**Problem description:**
This task asks for the lines from the one with "1963-tól foglalkozom grafikával, festéssel." to the final line below, repeated exactly, with pictures omitted.

Extracted data entries

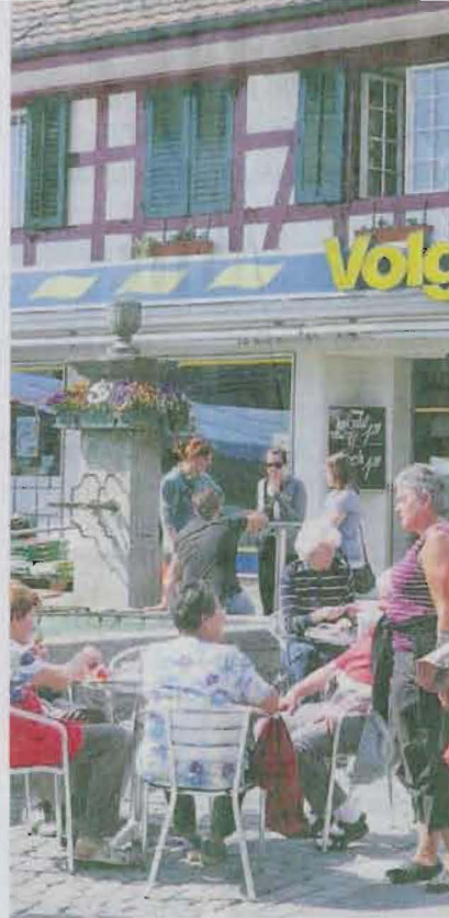
Die Festwirtschaft beim Volg.
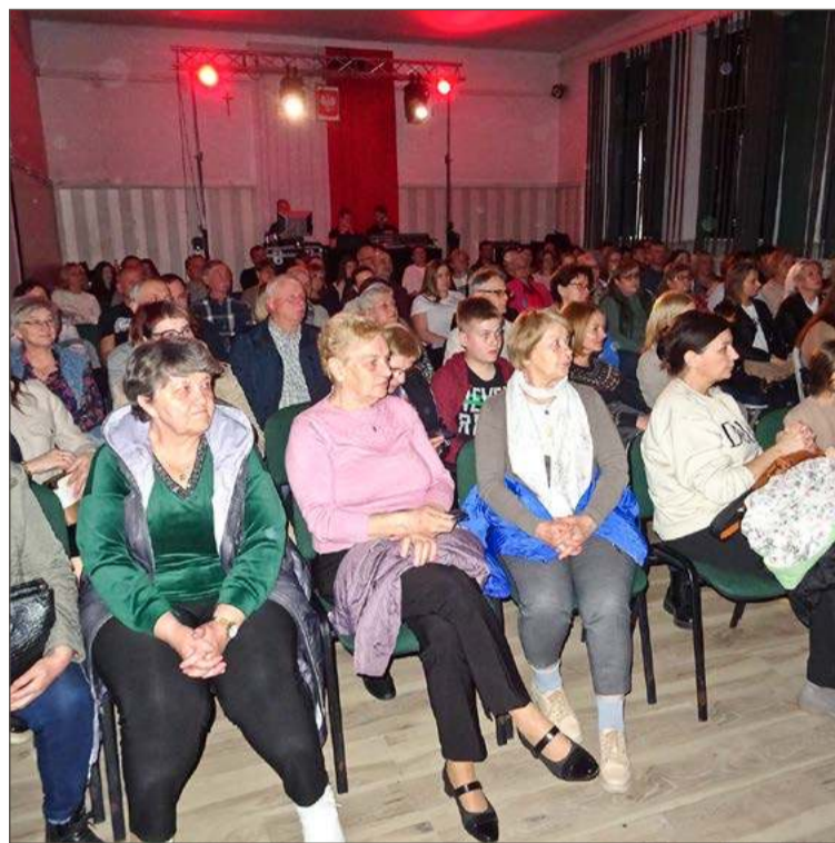
Wierni z parafii Żyraków mogą realizować wielkopostne wyzwania.

Wyzwania dla pozostałych grup są trudniejsze. Te dla kobiet i mężczyzn są niemalże identyczne, różnią się tylko w jednym punkcie.
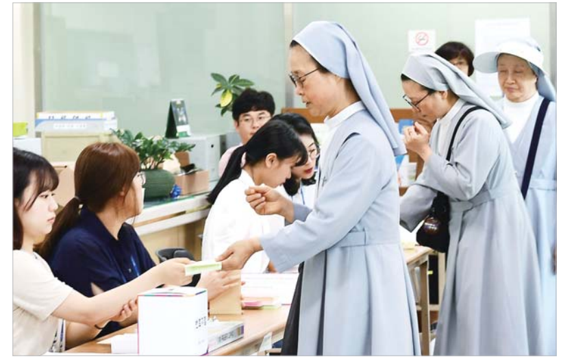
수녀님들도 한표 송암동 주민센터에서 수녀들이 투표를 하기 위해 본인 확인 후 투표용지를 교부받고 있다.
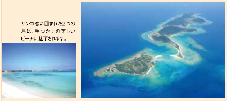
サンゴ礁に囲まれた2つの島は、手つかずの美しいビーチに魅了されます。
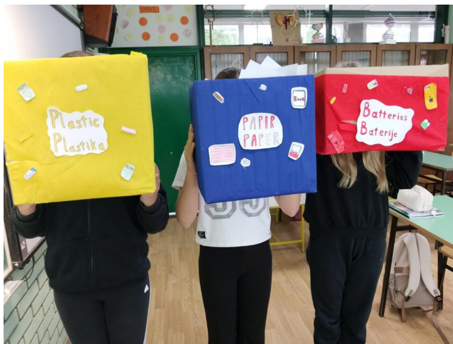
Slika 5.b) dovršene kutije za razdvajanje plastike, papira i baterija
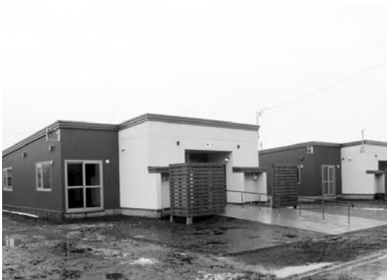
平成23年度から建替が始まった幸町団地
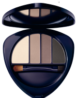
Eye & Brow Palette
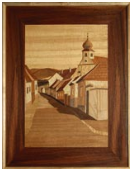
Tettye utca, intarzia, forgács lemez 48 x 36 cm a 2003. évi kiállítás zsűrizett alkotása

1963-tól foglalkozom grafikával, festéssel. Intarziákat is készítek 20 egyéni és 22 közös kiállításon vettem részt. Eddigi munkásságom során 3 díjban részesültem.
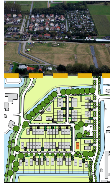
Afmetingen van kavelpatting in meters.

**Response area:**
1963-tól foglalkozom grafikával, festéssel. Intarziákat is készítek 20 egyéni és 22 közös kiállításon vettem részt. Eddigi munkásságom során 3 díjban részesültem.
Afmetingen van kavelpatting in meters.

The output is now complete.